PostgreSQL No Responses »
Mar 282013

Similarly to a normal PostgreSQL child process, a custom background worker should be running using a loop that can be interrupted with signals to update a given status or simply exit the process. Two types of signals are handled by custom background workers in the PostgreSQL architecture: SIGHUP and SIGTERM.

When such signals are received by a bgworker, you should be aware that processing similar to what is done for a normal backend process might be needed. For example, if your custom bgworker uses some GUC parameters, the process needs to take proper action to reload configuration parameters. Even if there are already good examples in the PostgreSQL source code for bgworkers, I noticed that there are no examples focusing only on certain fundamentals of bgworker. As someone who likes simple things, I think that this is essential to get the essence of what this feature can do piece by piece.

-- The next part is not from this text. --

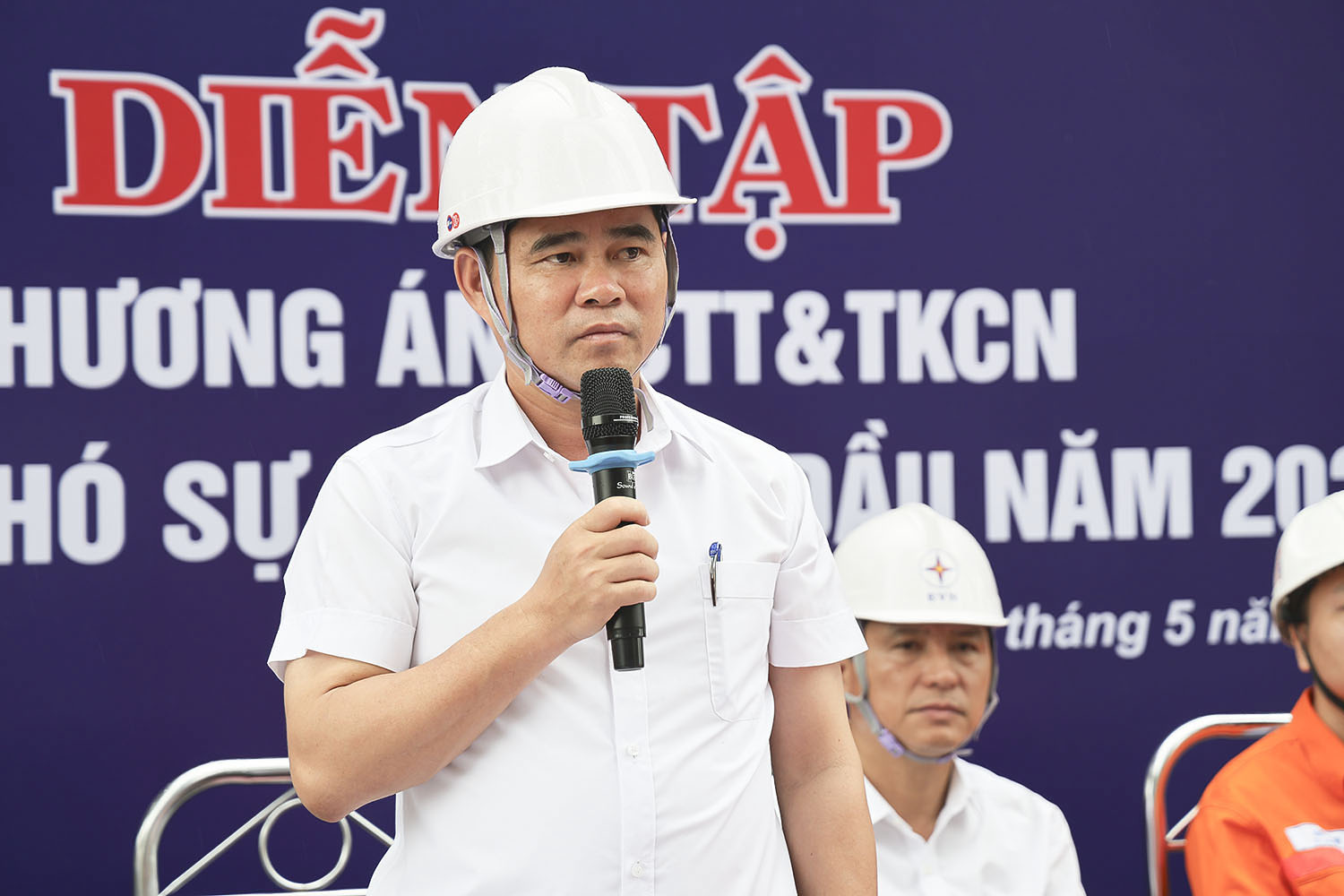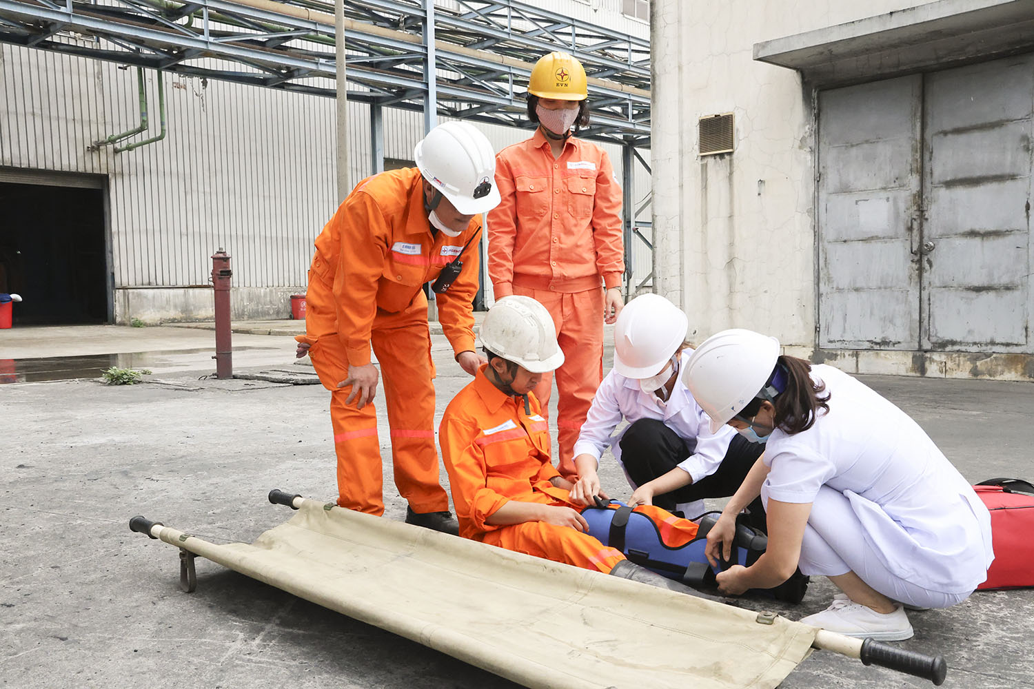 Trong khi xử lý sự cố có nhân viên trượt vấp ngã cầu thang, bị thương trong trạm bơm (tình huống giả định). Đội trưởng đội xung kích PCTT&TKCN Công ty gọi nhân viên y tế và xe cứu thương; các lực lượng nhanh chóng đưa nạn nhân ra khỏi trạm bơm, phối hợp sơ cứu, giao cho nhân viên Y tế cấp cứu.

So here is in this post an example of bgworker that I wrote for beginners in order to understand only the fundamentals of signal handling. First you need to know that it is necessary to store a static variable to store the status of representing if signal has been activated or not in a way similar to that:
static bool got_sigterm = false;
static bool got_sighup = false;

You also need dedicated functions to set those flags to true if a signal is received by the worker.
static void
hello_sigterm(SIGNAL_ARGS)
{
 got_sigterm = true;
}
 
static void
hello_sighup(SIGNAL_ARGS)
{
 got_sighup = true;
}

A dedicated function that is used as a main loop for processing is essential as well.
static void
hello_main(void *main_arg)
{
 /* We're now ready to receive signals */
 BackgroundWorkerUnblockSignals();
 while (true)
 {
  /* Process signals */
  if (got_sighup)
  {
   got_sighup = false;
   ereport(LOG, (errmsg("hello signal: processed SIGHUP")));
  }
 
  if (got_sigterm)
  {
   /* Simply exit */
   ereport(LOG, (errmsg("hello signal: processed SIGTERM")));
   proc_exit(0);
  }
 }
 proc_exit(0)
}

Note the call to BackgroundWorkerUnblockSignals. This is extremely important in order to allow the reception of signals by the background worker.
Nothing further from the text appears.